→ Task instructions
The answer must be an exact copy of the lines from the top of the listing below through the line with "The bathroom floor", with no pictures.

- Opening Delimiter -

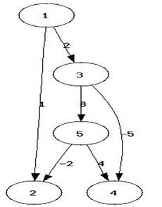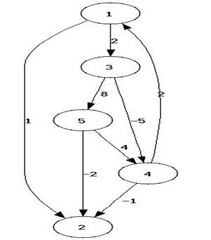 Prin ciclu de cost negativ intelegem un ciclu in care suma costurilor muchiilor ce fac parte din drum este negativa. In figura de mai sus drumul 1->3->4->1 are cost negativ. Se observa ca suma costurilor muchiilor de pe acest drum este negativa (2+5+(-2))=-1. Datorita acestui ciclu nu se poate obtine un cost minim pentru drumul (1,2) de exemplu deoarece la fiecare parcurgere a drumului de cost negativ costul drumului (1,2) mai scade cu o unitate. Astfel dupa n parcurgeri costul drumului (1,2) va fi n-2.
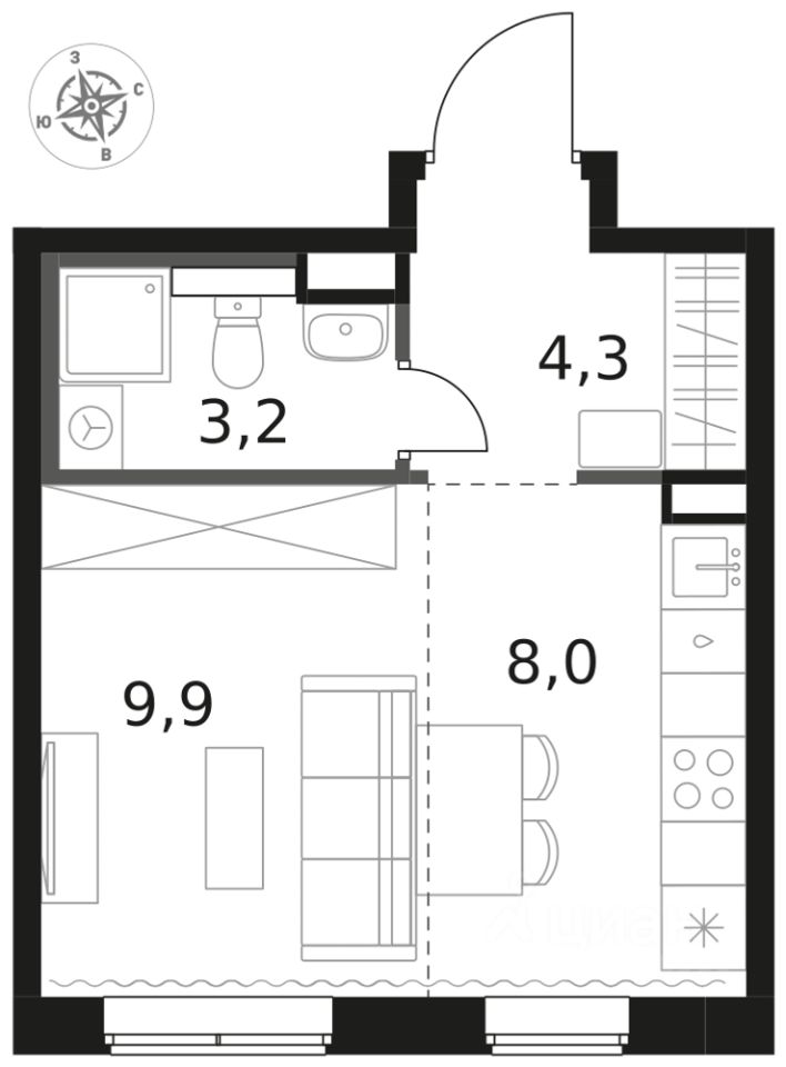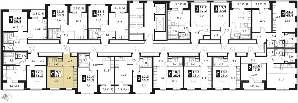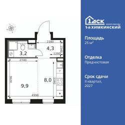 Продаётся квартира-студия номер 10 общей площадью 25.4 кв.м. на 2-м этаже 17 этажного здания. Отделка Whitebox.
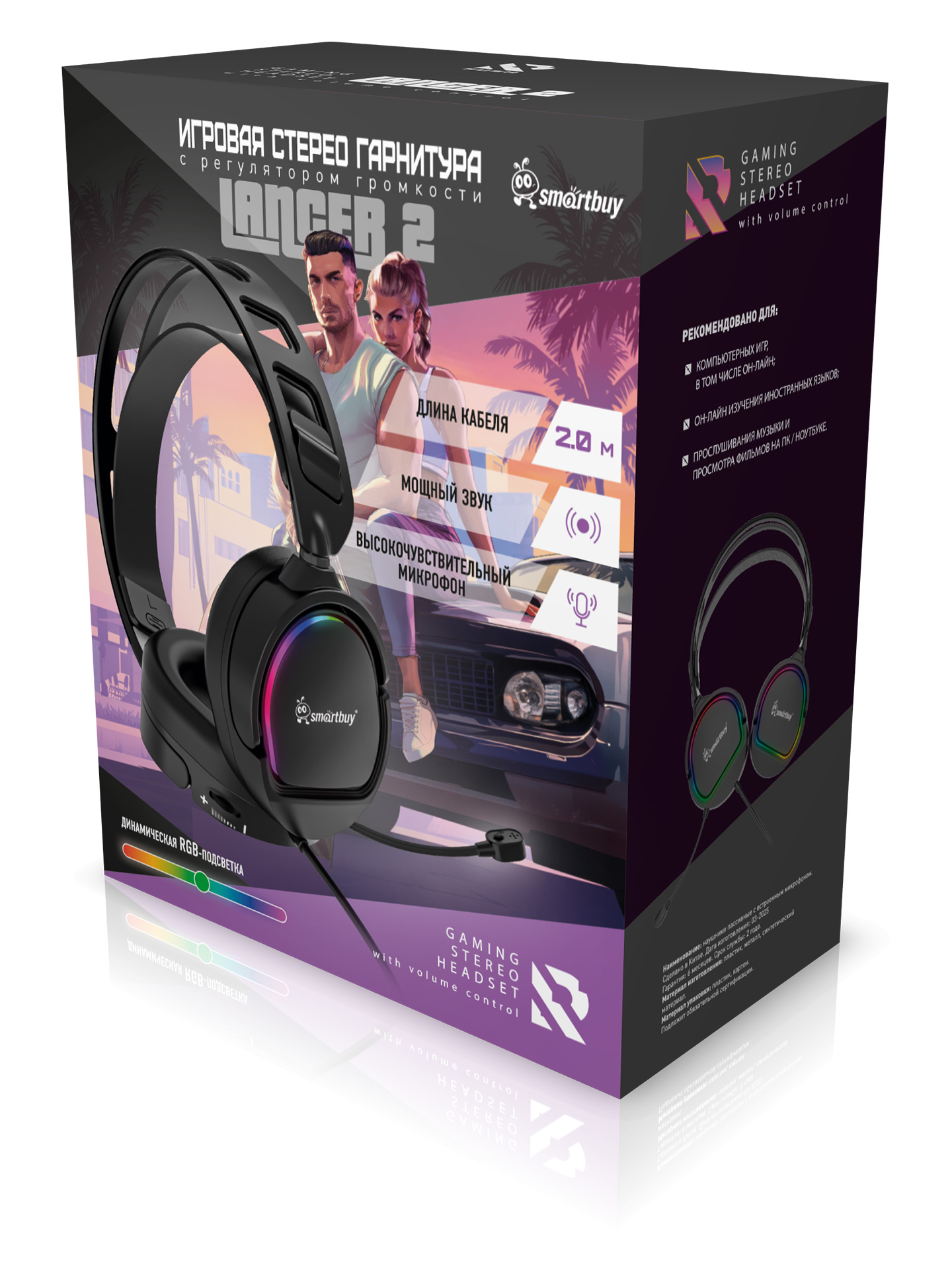 Игровые наушники Smartbuy LANCER 2, подсветка, 50мм динамик, кабель 2м, 2 х 3.5мм + USB (SBHG9810)
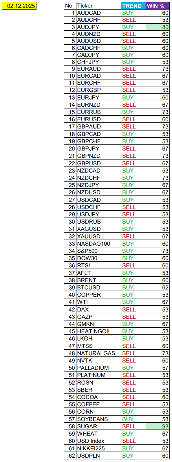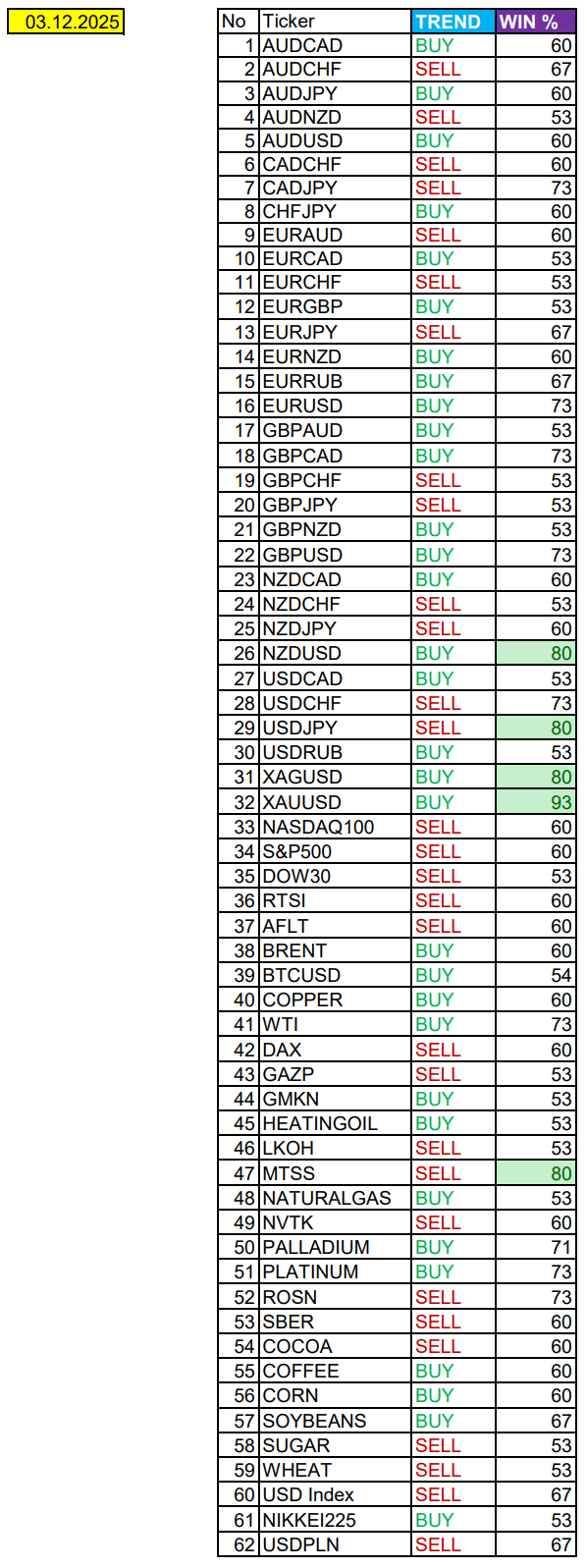 Сезонные тенденции и вероятности на среду 03.12.2025
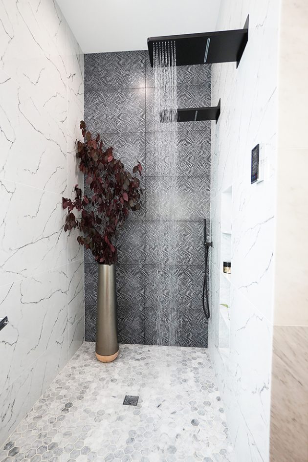 The bathroom floor is composed of marble mosaic tiles and epoxy grout was used to ensure long lasting white grout that doesn’t stain. White porcelain that is patterned like marble was installed in the shower from floor to ceiling and an accent tile with a cell pattern on the back of shower wall.
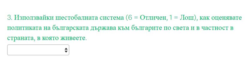 На въпроса „Използвайки шестобалната система, как оценявате политиката на българската държава към българите по света и в частност в страната, в която живеете“, 19 от анкетираните са отговорили, че нямат база за оценка. Останалите (122) са дали на българското правителство средна оценка 2,5 по шестобалната система.
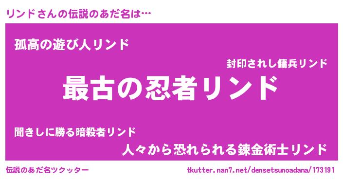 | 男性向けラノベタイトル風あだ名 | 『リンドに滅ぼされるだけの簡単なお仕事です』 |
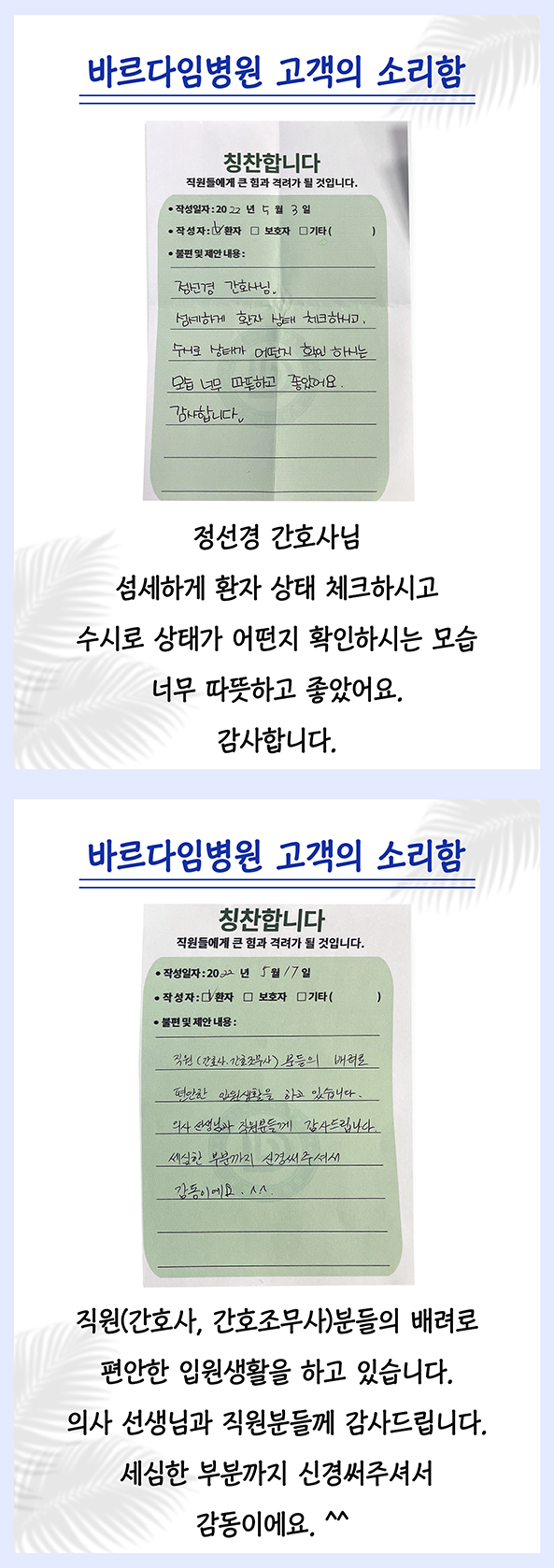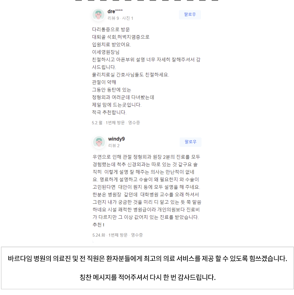 여러분의 소중한 의견을 반영하고 개선하여 함께 동행할 수 있는 바르다임병원을 만들어가겠습니다.
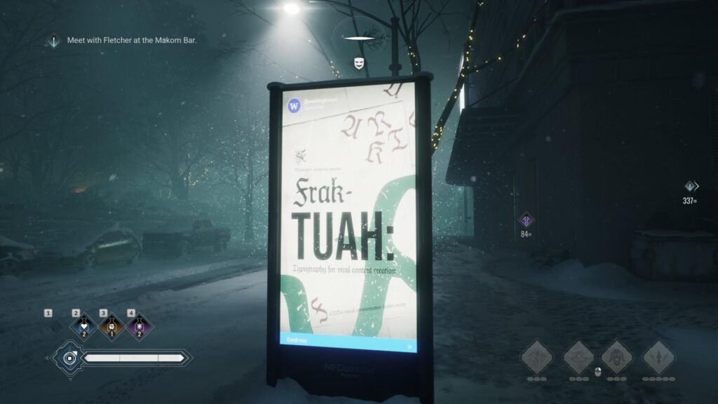 Din momentul în care intri în joc, simți ceva ne-la-locul-lui. Muzica ambientală pare interesantă dar când începi jocul, ești lansat direct într-o cinematică-in-game, fără nici un ecran de creare al personajului, fără să împarți skill-uri de start niciunde, fără nimic. Ok. Bizar și suspect, dar ok. După ce-i dăm omorul unui gardian public sau ce-o fi, suntem lansați în universul Vampire: The Masquerade, în straie de Unreal Engine 5. E primul joc UE5 care merge pe Ultra pe calculatorul meu învechit, dar asta tot nu ne scapă de crash-urile destul de frecvente când îl jucam pe laptopul cu Windows. Pe computerul învechit rulez Linux și am avut crash-uri mai puține. Dar e ok, autosave-ul este destul de generos, așa că nu mi se pare un capăt de țară.

- Closing Delimiter -

→ Written solution
 Prin ciclu de cost negativ intelegem un ciclu in care suma costurilor muchiilor ce fac parte din drum este negativa. In figura de mai sus drumul 1->3->4->1 are cost negativ. Se observa ca suma costurilor muchiilor de pe acest drum este negativa (2+5+(-2))=-1. Datorita acestui ciclu nu se poate obtine un cost minim pentru drumul (1,2) de exemplu deoarece la fiecare parcurgere a drumului de cost negativ costul drumului (1,2) mai scade cu o unitate. Astfel dupa n parcurgeri costul drumului (1,2) va fi n-2.
 Продаётся квартира-студия номер 10 общей площадью 25.4 кв.м. на 2-м этаже 17 этажного здания. Отделка Whitebox.
 Игровые наушники Smartbuy LANCER 2, подсветка, 50мм динамик, кабель 2м, 2 х 3.5мм + USB (SBHG9810)
 Сезонные тенденции и вероятности на среду 03.12.2025
 The bathroom floor is composed of marble mosaic tiles and epoxy grout was used to ensure long lasting white grout that doesn’t stain. White porcelain that is patterned like marble was installed in the shower from floor to ceiling and an accent tile with a cell pattern on the back of shower wall.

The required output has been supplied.